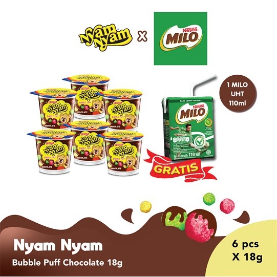 Jual NyamNyam Bubble Puff Chocolate 18 Gr X 6 Free Milo Uht 110Ml 1
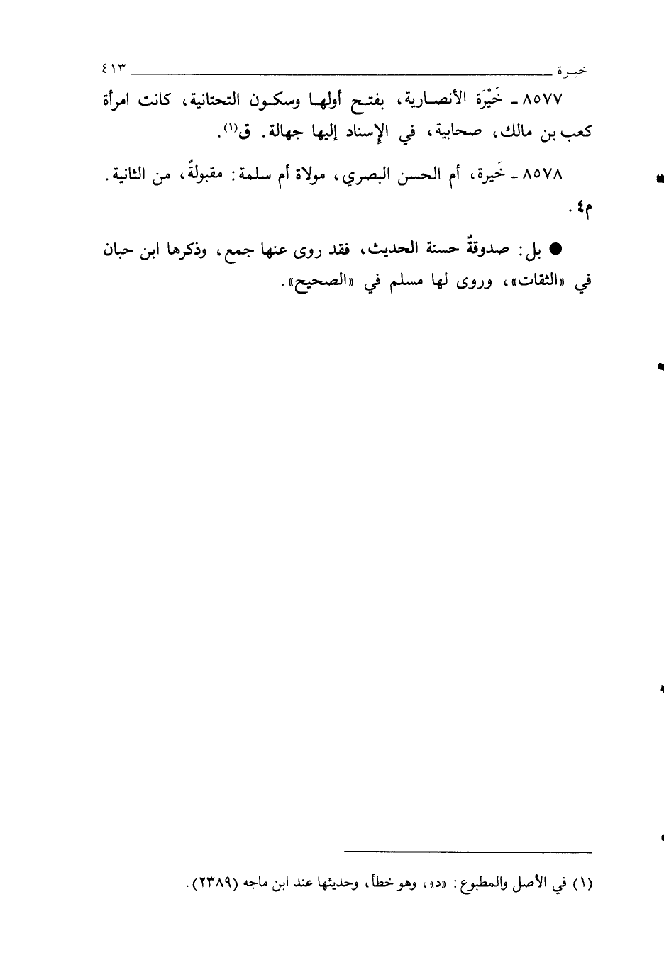 8577 - خَيْرَة الأنصارية، بفتح أولها وسكون التحتانية، كانت امرأة كعب بن مالك، صحابية، في الإسناد إليها جهالة. ق (¬1).
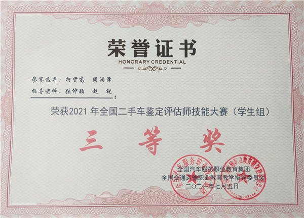 新闻网讯(通讯员 张玲 张仲颖)7月4日,2021年全国二手车鉴定评估师技能大赛(学生组)在浙江交通职业技术学院圆满闭幕。经过二手车鉴定评估实操和二手车理论考试两轮的激烈角逐,beat365官网beat365官方唯一网站2019级“一汽-大众订单班”柯贤高、周润泽同学克服备赛时间短、天气炎热、实训车辆缺乏等困难,凭借扎实的基本功在众多院校选手中脱颖而出,获得全国三等奖的好成绩。
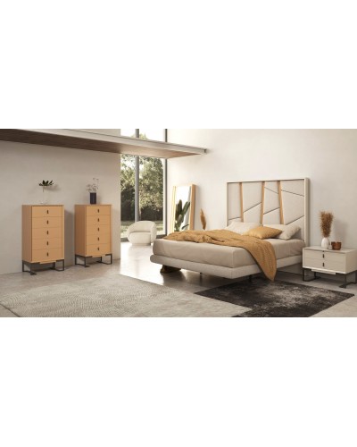 El sinfonier Luxor 01 mantiene la coherencia estética de la colección con sus líneas rectas, tiradores dobles y base metálica. Con seis cajones verticales, es ideal para espacios que requieren gran capacidad sin renunciar al diseño. Su perfil delgado lo hace versátil y perfecto para habitaciones de distintas dimensiones.
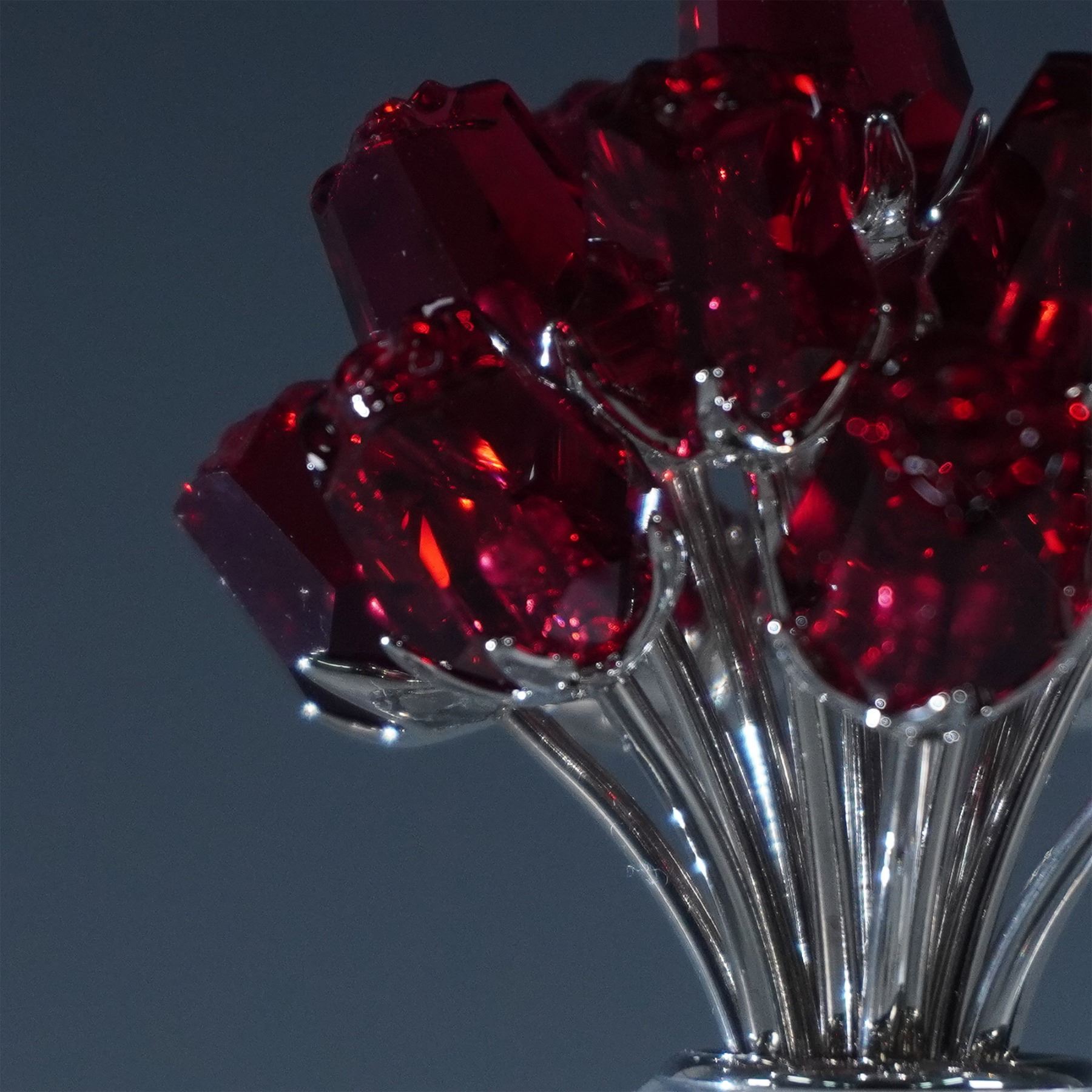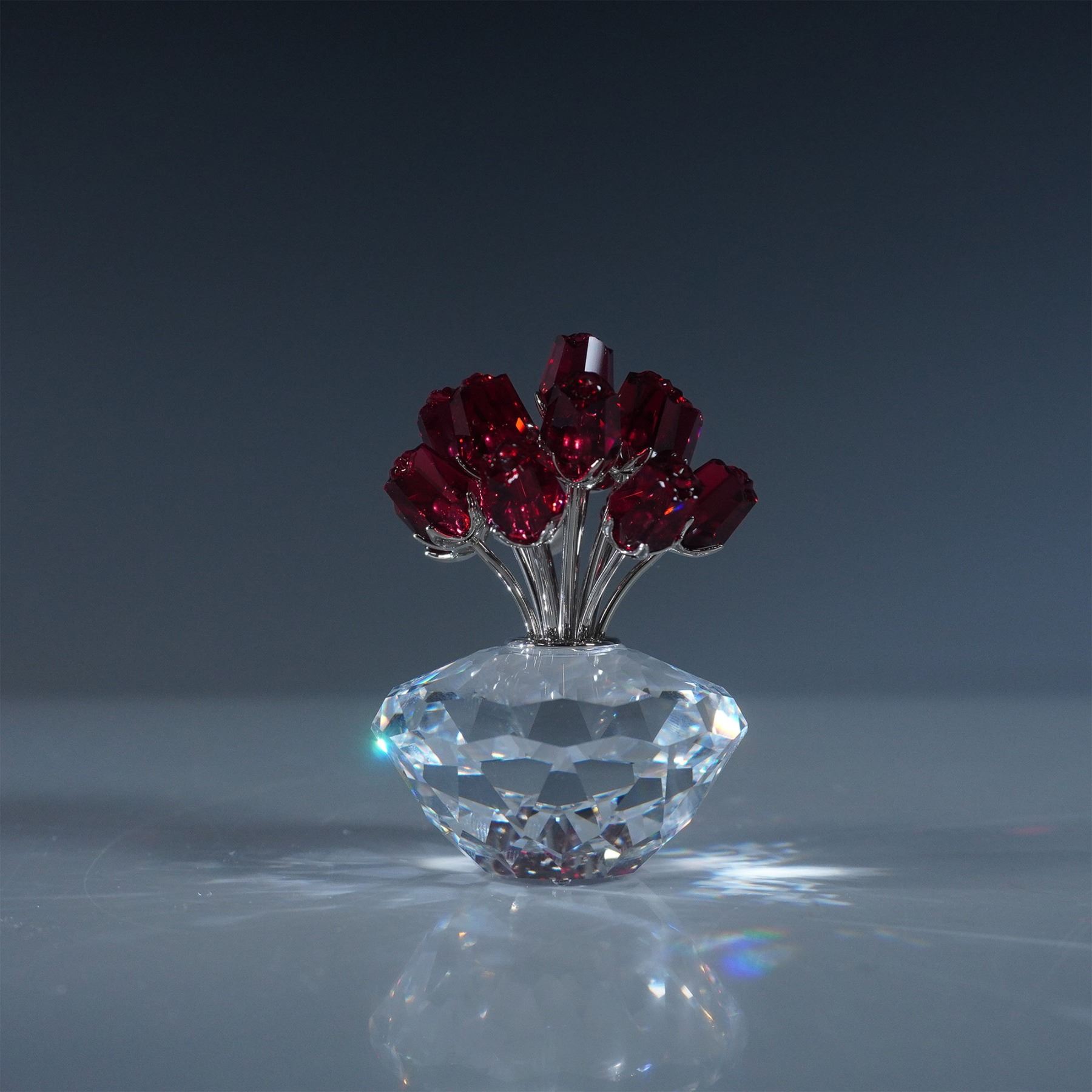This elegant Swarovski Crystal Vase of Roses figurine features a clear faceted crystal vase holding a bouquet of intricately designed red roses with rhodium-plated stems and leaves. Standing at 2.75"H, this piece showcases Swarovski's renowned craftsmanship. It comes in its original box measuring 4.75"L x 4.75"W x 4"H. Marked with the Swarovski acid-etched logo.
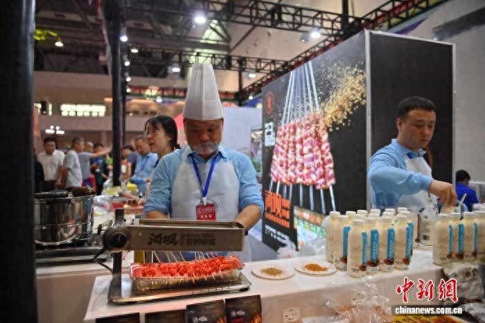 9月5日,展商现场展示烧烤。 张瑶 摄
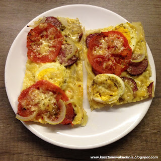 Dzisiaj Kasztanowa Kuchnia zaprasza na pizzę wykonaną podobnie, jak przed laty w Szczecinie, z kanapkowymi składnikami Agnieszki, zaś ciastem według receptury Maćka =)
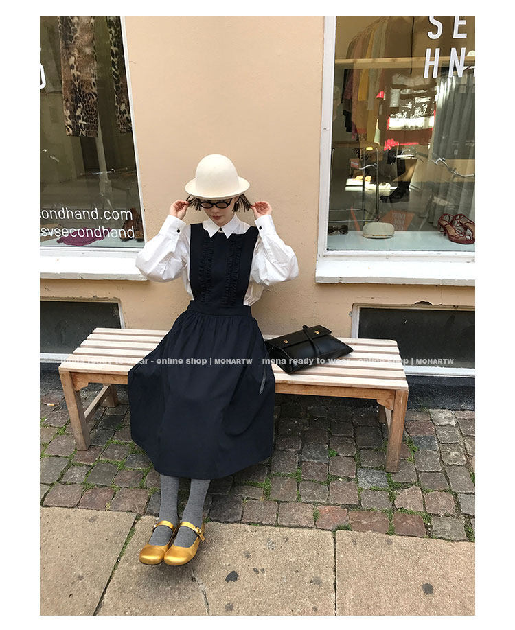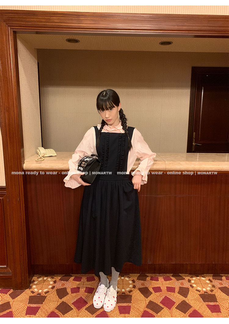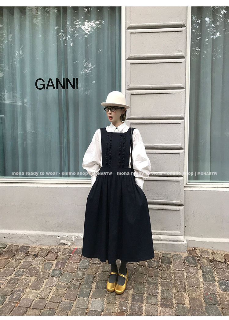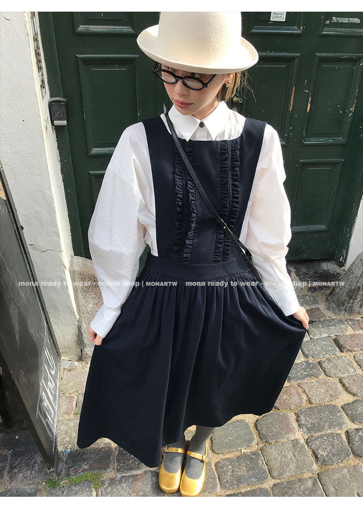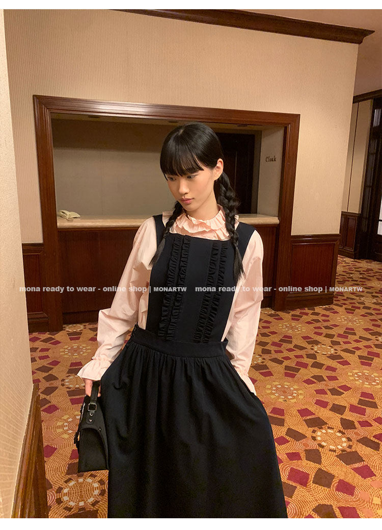 背带裙上半部分结合复合工艺,注入结构感,平顺不臃肿

=-=-=

Each line of the data must be transcribed exactly; pictures are not carried over.

→ Answer to this exercise
 Jual NyamNyam Bubble Puff Chocolate 18 Gr X 6 Free Milo Uht 110Ml 1
 8577 - خَيْرَة الأنصارية، بفتح أولها وسكون التحتانية، كانت امرأة كعب بن مالك، صحابية، في الإسناد إليها جهالة. ق (¬1).
 新闻网讯(通讯员 张玲 张仲颖)7月4日,2021年全国二手车鉴定评估师技能大赛(学生组)在浙江交通职业技术学院圆满闭幕。经过二手车鉴定评估实操和二手车理论考试两轮的激烈角逐,beat365官网beat365官方唯一网站2019级“一汽-大众订单班”柯贤高、周润泽同学克服备赛时间短、天气炎热、实训车辆缺乏等困难,凭借扎实的基本功在众多院校选手中脱颖而出,获得全国三等奖的好成绩。
 El sinfonier Luxor 01 mantiene la coherencia estética de la colección con sus líneas rectas, tiradores dobles y base metálica. Con seis cajones verticales, es ideal para espacios que requieren gran capacidad sin renunciar al diseño. Su perfil delgado lo hace versátil y perfecto para habitaciones de distintas dimensiones.
This elegant Swarovski Crystal Vase of Roses figurine features a clear faceted crystal vase holding a bouquet of intricately designed red roses with rhodium-plated stems and leaves. Standing at 2.75"H, this piece showcases Swarovski's renowned craftsmanship. It comes in its original box measuring 4.75"L x 4.75"W x 4"H. Marked with the Swarovski acid-etched logo.
 9月5日,展商现场展示烧烤。 张瑶 摄
 Dzisiaj Kasztanowa Kuchnia zaprasza na pizzę wykonaną podobnie, jak przed laty w Szczecinie, z kanapkowymi składnikami Agnieszki, zaś ciastem według receptury Maćka =)
 背带裙上半部分结合复合工艺,注入结构感,平顺不臃肿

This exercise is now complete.